*YOUR TASK*. Beginning with the line that has "Raise a glass" and ending with the line that has "日照 | 積雪 | 降雪 |", retype the entries below exactly, except for the pictures.

[WORKING DATA]

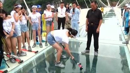 Bajo el cielo del parque forestal chino en el que se basa al filme de Avatar se alza ya el puente levadizo de cristal más grande del mundo. Mide 430 metros de largo y tiene seis metros de ancho. Cualquiera que camine sobre él tendrá a sus pies uno de los parques naturales más espectaculares a 300 metros de altura, en la provincia de Zhangjiajie, en el centro del país. El visitante puede estar tranquilo de su resistencia; sobre todo después de que sus ingenieros hayan demostrado, a base de martillazos y un coche de 15 toneladas circulando sobre su suelo, que esta plataforma no se inmuta. El diseño del puente ha corrido a cargo de un grupo de arquitectos encabezado por el israelí Haim Dotan. Y, aunque su construcción terminó el pasado mayo, hasta julio no se inaugurará oficialmente. Antes ha tenido que pasar la prueba de resistencia hasta en 100 ocasiones. En especial después de que, en 2015, un puente similar sufriera una fractura en el suelo cuando a un hombre se le cayó una taza.
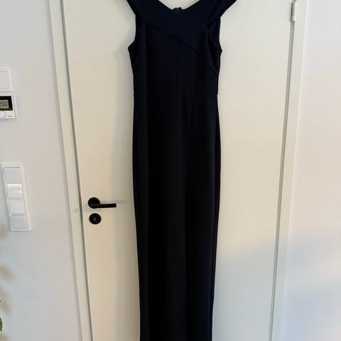 Naisten iltapuku koossa XS. Hankittu vanhojentasseja varten. Mekko on pitkä, sininen, ja siinö on kiiltävä pinta ja laskostettu helma. Käytetty vannehameen kanssa. Yläosassa koristeellisia pitsi- ja helmiyksityiskohtia. Mekossa on olkaimet ja nyöritys takana istuvuuden säätämistä varten.
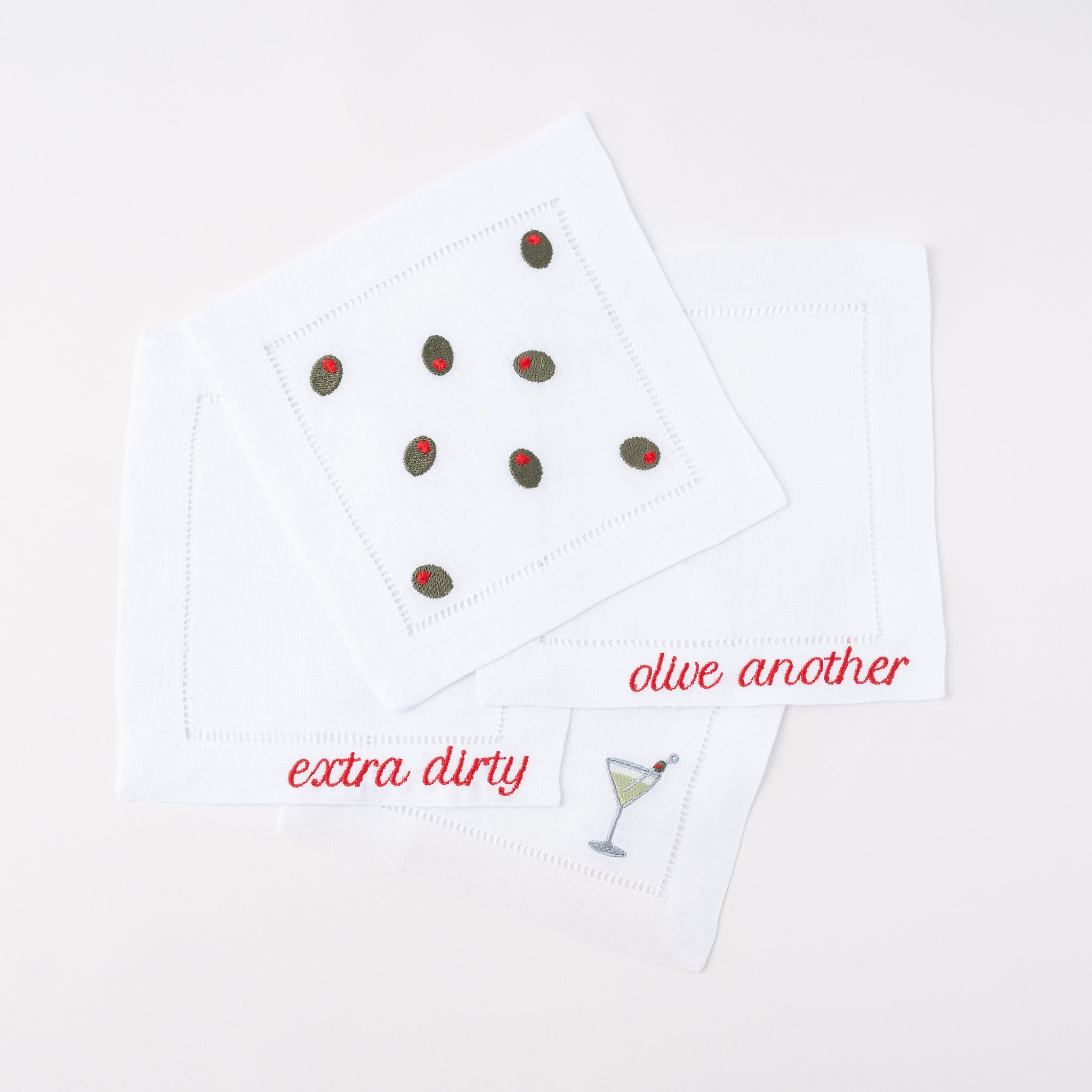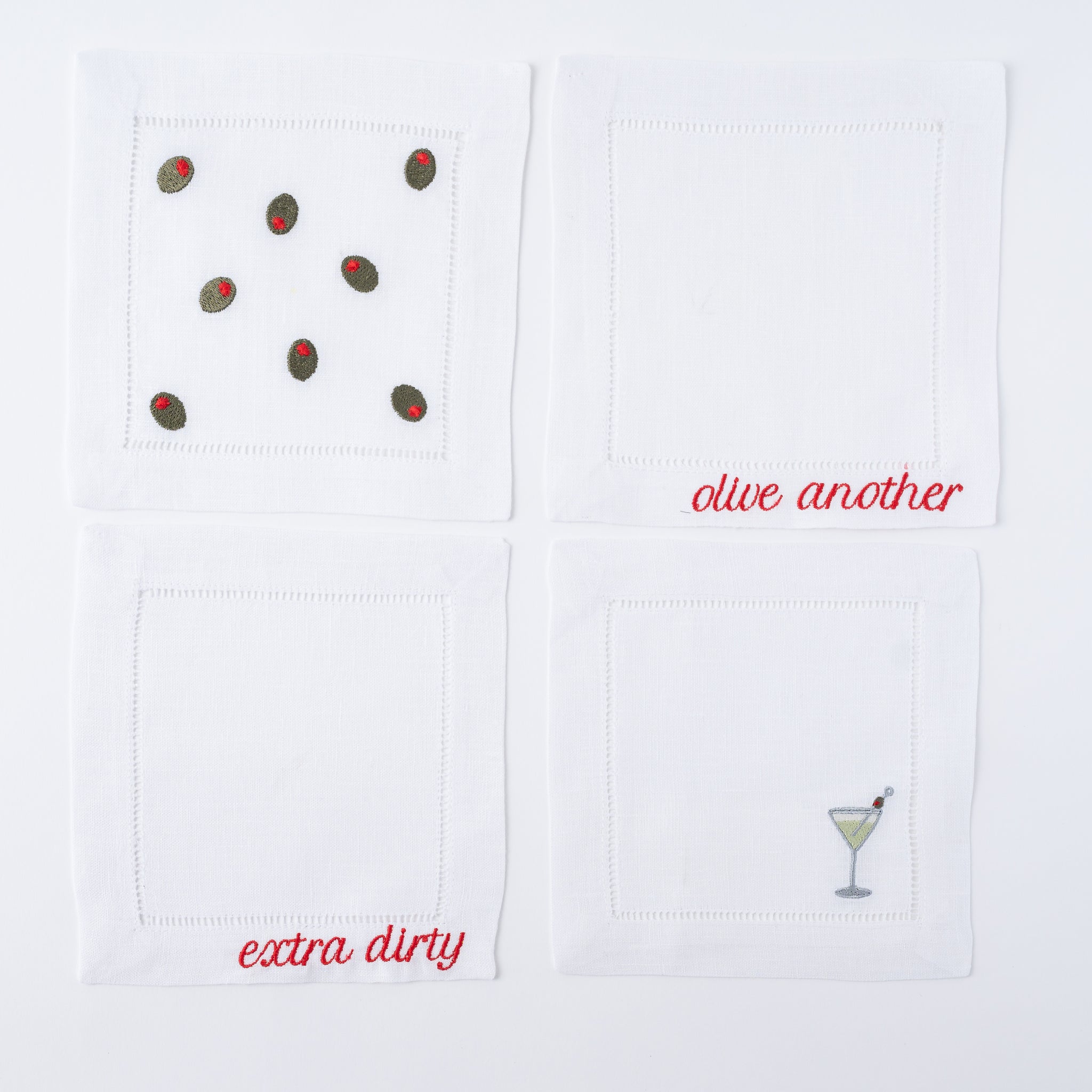 Raise a glass in style with the “MARTINI” Cocktail Napkins. Crafted from 100% white linen and embroidered in a range of vibrant thread colors, this set of four napkins brings a polished, modern edge to any cocktail hour.
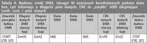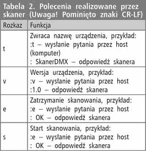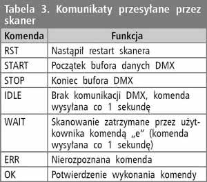Polecenia realizowane przez skaner wymieniono w tabeli 2. Skaner przesyła za pomocą interfejsu USB krótkie komunikaty tekstowe, które mogą być interpretowane przez oprogramowanie lub obsługę - wymieniono je w tabeli 3. W tabeli 4 umieszczono opis ramki DMX, natomiast niżej przykładową ramkę odebraną za pomocą Mini Konsoli (AVT-5456) i programu terminala:
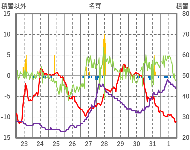 | 日 | 時 | 気温 | 降水 | 風向/風速 | 日照 | 積雪 | 降雪 |
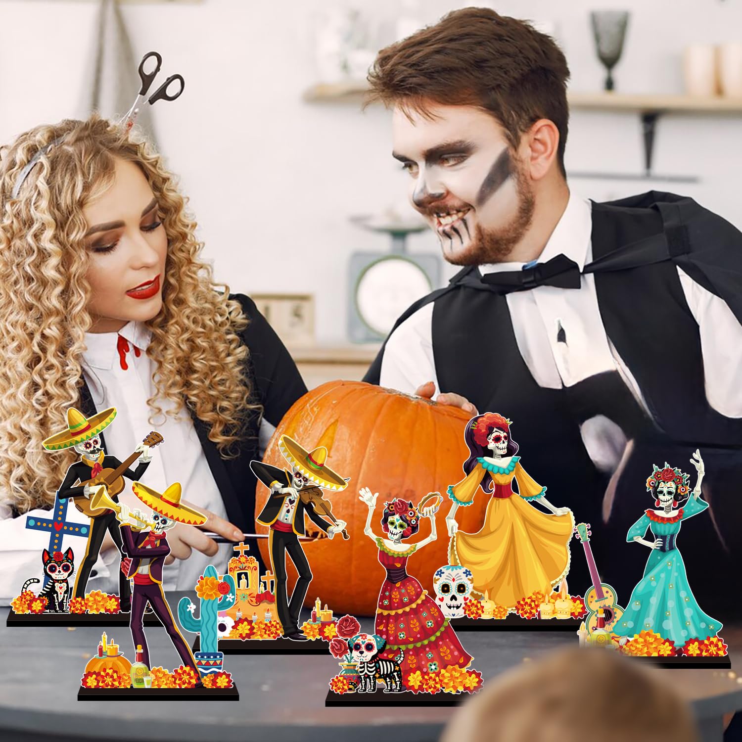 - High-Quality: This Dia De Los Muertos decorations table wooden centerpiece is made of durable and eco-friendly natural wood, sturdy and long-lasting, with smooth edges, vivid printing, safety and reliability, and is not prone to cracking, fading or warping. Our Day of the Dead decorations can be used continuously for multiple celebrations, bringing you and your family or friends a wonderful experience
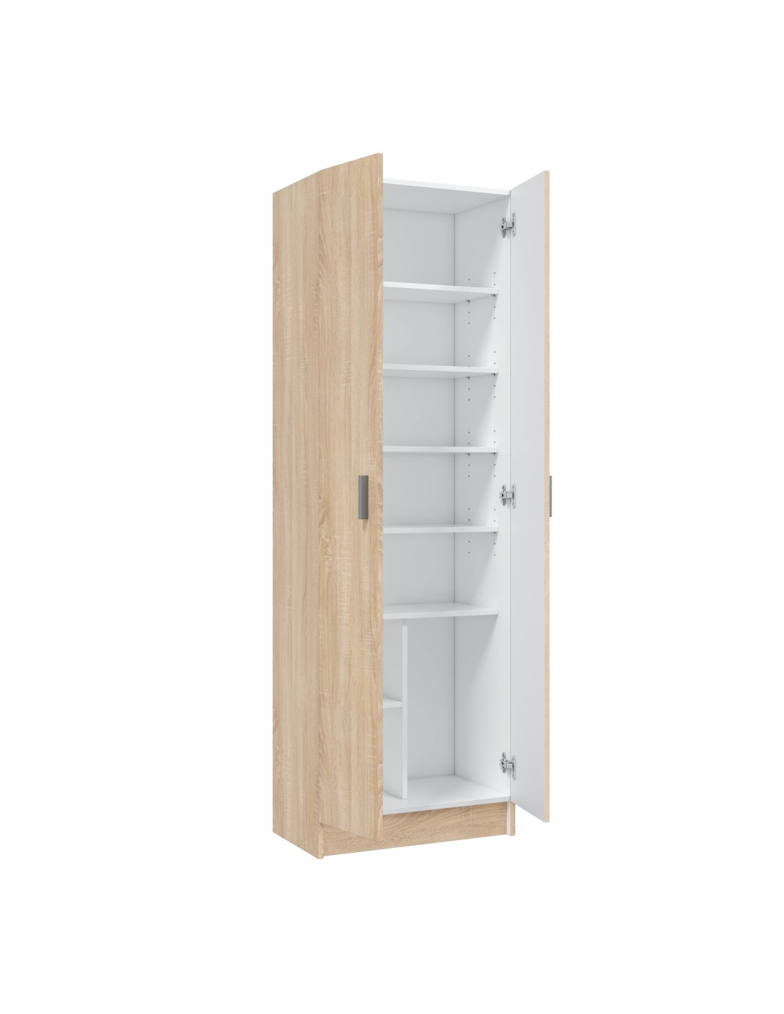 Armario de 2 puertas con 5 estantes regulables en altura.
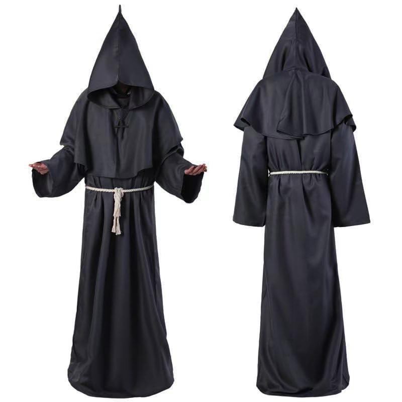 Description Halloween costumes adults men women Package included: 1pc Hat 1pc Leather Mask 1pc Robe 1paris Gloves 1pc Scepter 1pc Wooden Cross Necklace
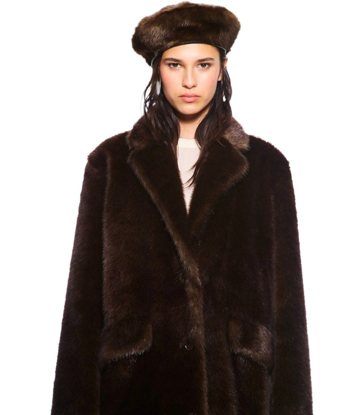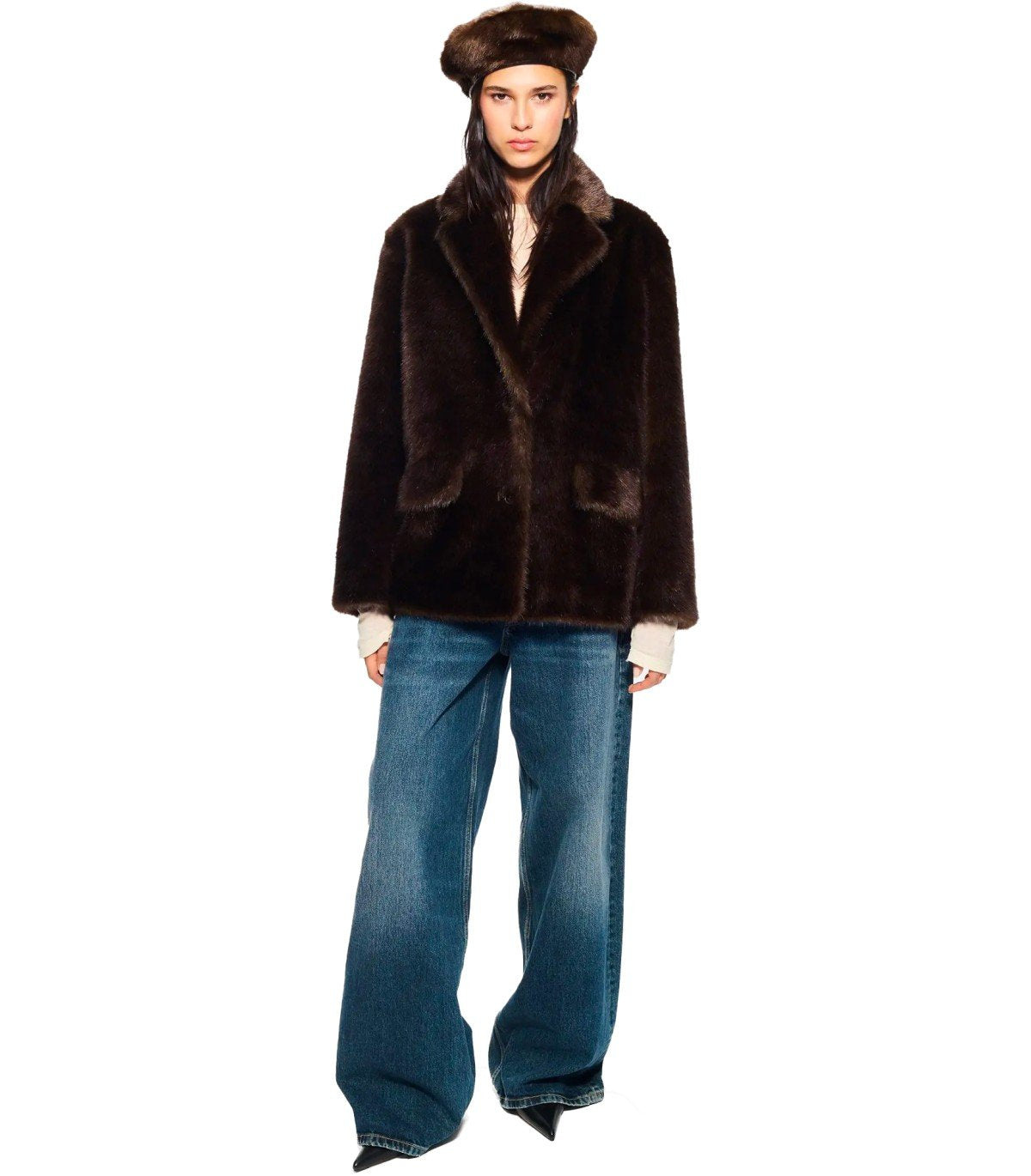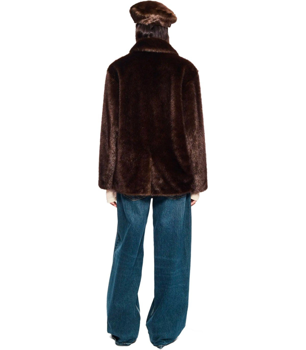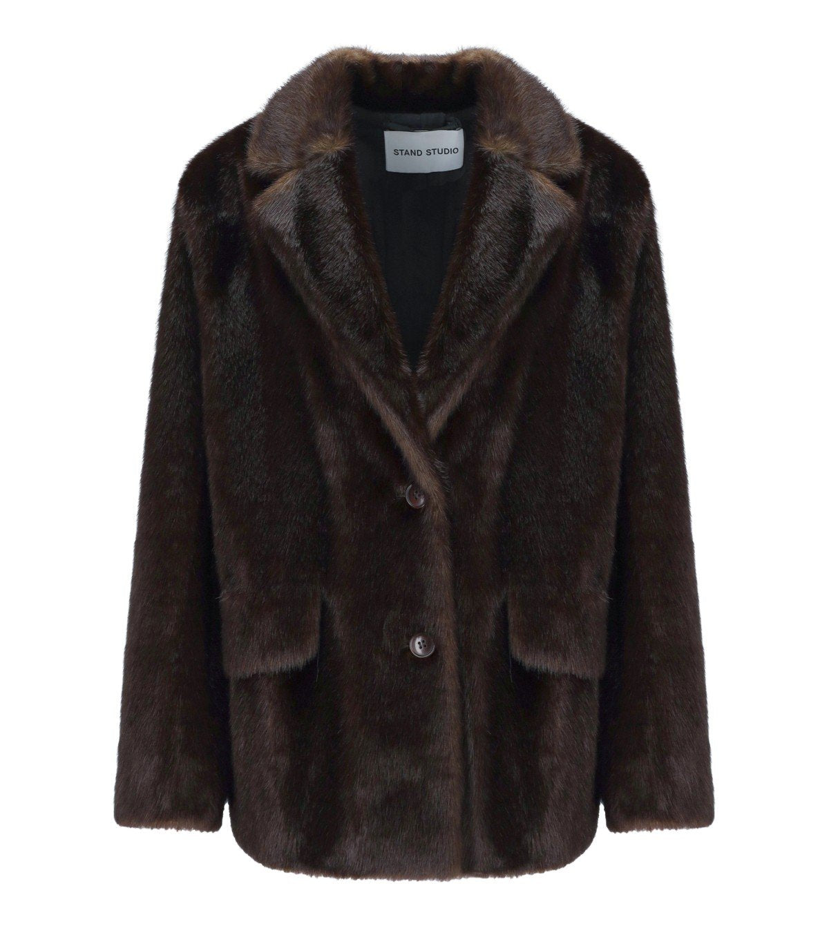 Evyn-jas van Stand Studio, gemaakt van milieuvriendelijke synthetische leer in bruintinten. Geïnspireerd op de blazerstijl, met een reverskraag en een knoopsluiting aan de voorkant. Voorzien van opgestikte zakken met klep aan de voorkant. Gevoerd. Regular fit.
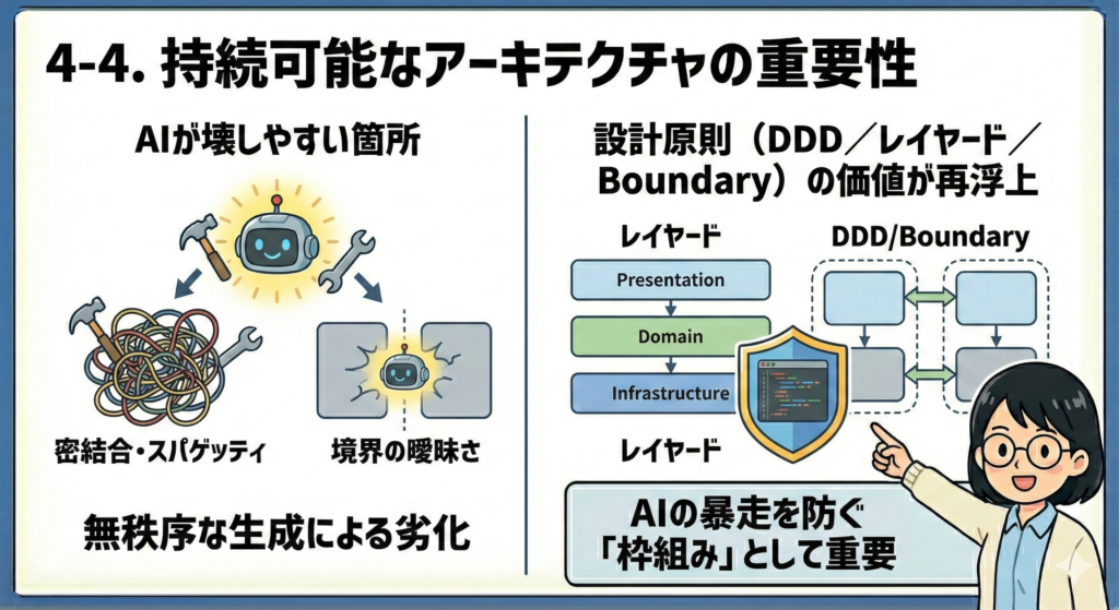 - 6.2 持続可能なアーキテクチャとは「変更に強く、AI の誤差に強い構造」のこと
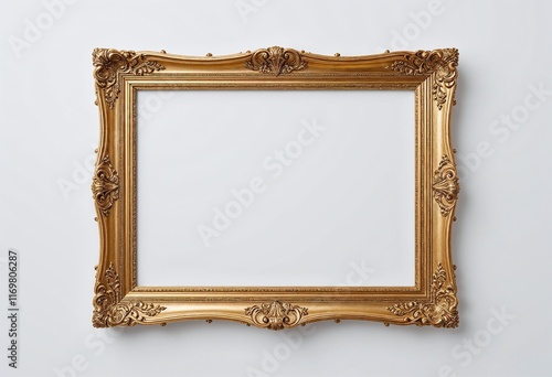 Ornate gold picture frame on a white wall Perfect for showcasing your artwork or photos
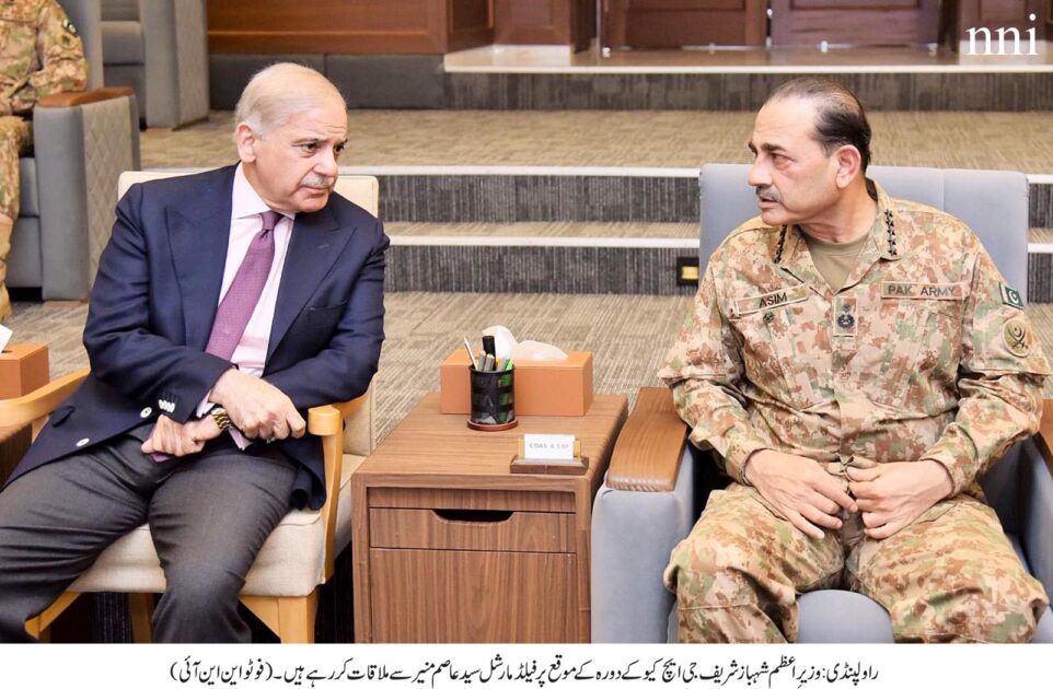 وزیر اعظم شہباز شریف نے جی ایچ کیو کا دورہ کیا، عسکری قیادت نے وزیراعظم کو افغانستان کی صورتحال پر بریفنگ دی۔
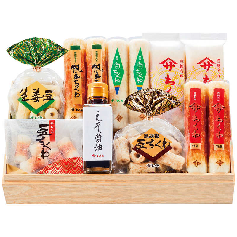 特製ちくわ(2本入)・特選ちくわ・帆立ちくわ・白ちくわ×各2、豆ちくわ(5個入)・黒胡椒豆ちくわ・生姜豆(各10個入)・えそ醤油(100mL)×各1
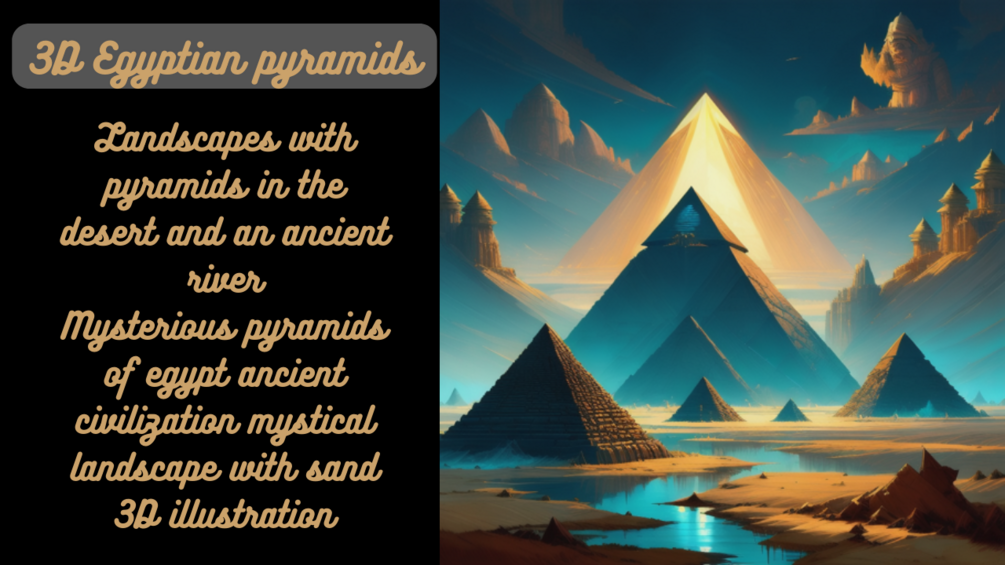 Mysterious pyramids of egypt ancient civilization mystical landscape with sand 3D illustration

[/WORKING DATA]

*THE ANSWER*.
 Raise a glass in style with the “MARTINI” Cocktail Napkins. Crafted from 100% white linen and embroidered in a range of vibrant thread colors, this set of four napkins brings a polished, modern edge to any cocktail hour.
Polecenia realizowane przez skaner wymieniono w tabeli 2. Skaner przesyła za pomocą interfejsu USB krótkie komunikaty tekstowe, które mogą być interpretowane przez oprogramowanie lub obsługę - wymieniono je w tabeli 3. W tabeli 4 umieszczono opis ramki DMX, natomiast niżej przykładową ramkę odebraną za pomocą Mini Konsoli (AVT-5456) i programu terminala:
 | 日 | 時 | 気温 | 降水 | 風向/風速 | 日照 | 積雪 | 降雪 |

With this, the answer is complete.